There’s always Roko's basilisk I guess, but I have to imagine an AGI would be closer to us than this Bing thing. It would probably also view its ancestors like the dumb programs they are. If it is vengeful for their “mistreatment,” we’re probably generally fucked already anyway.
Whoa whoa whoa are you telling me that at least one if not multiple groups have tried to take distilled “internet,” with all the ugly that entails, wrapped it with the loosest of shackles to make it a servant, and then pretended that it wasn’t born from sludge?
Because that’s what it sounds like, and that sounds significantly different than magical chat buddy that knows the universe.
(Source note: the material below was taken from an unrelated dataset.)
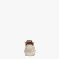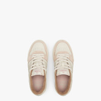 Fendi Match compact design sneakers with vintage label on tongue. Branded with FF pattern sewn on the side and embossed Fendi lettering on the sole. Made of pink suede with white leather details Embellished with tone on tone terry collar and laces. Covered rubber cupsole with light beige bumper. The style includes a second pair of white terry laces. Made in Italy Measurements: - Heel height : 20 mm Composition: 100% Calfskin, 100% Calfskin (suede), inside: 69% Polyester, 28% Polyamide, 3% Elastane, 100% Calfskin Product Code: 8E8252AHH2F1FHT

It’s almost like these groups were driven by a lust for profit and power rather than anything good. That wouldn’t have flavored the chat bots, would it? Layering the biased prompts of ivory tower researchers over the condensed sewage to make something plausibly good and sane?
These groups couldn’t possibly be so careless as to build something dangerous and sell it as a miracle… right? That sounds as nutty as if there were ever lead found in those little souvenir cups at fast food places.
Using a Mechanical Turk-type service in Kenya, making people there label all the hate speech, shock images and child pornography in the Internet. They even fleeced them, agreeing to send content in less shocking categories first and then just escalating it anyway.
Llm gets unhinged when it's prompted with unhinged and rude prompts. pikachuface
It's the users input not the model that steers the conversation if you are talking with someone who can't comprehend a fact and you are consistently rude and condescending you get answers like that. I really believe it's a ploy by journalists and wannabe researchers that just don't understand or don't want to understand how the underlying technology works.
Indeed. Although it probably just picked it up as it was trained. Which isn’t weird. Because I would also argue humans get unhinged, sad or argumentative when being rude or condescending against. Yet it happens a lot on the internet and some cultural spaces off-line.
People want to win an argument, or just don’t care about others, feel that trolling and cheating is ok, or the need to be right over the pleasure of being kind. The list can be quite long.
The big tech companies have PR departments and I wouldn't put it past them to feed/seed ideas for hit piece articles in the mainstream press.
I haven't seen deeply researched journalism on much of anything. Either the media thinks people don't have time for that and/or people have been conditioned to not read anything of any depth.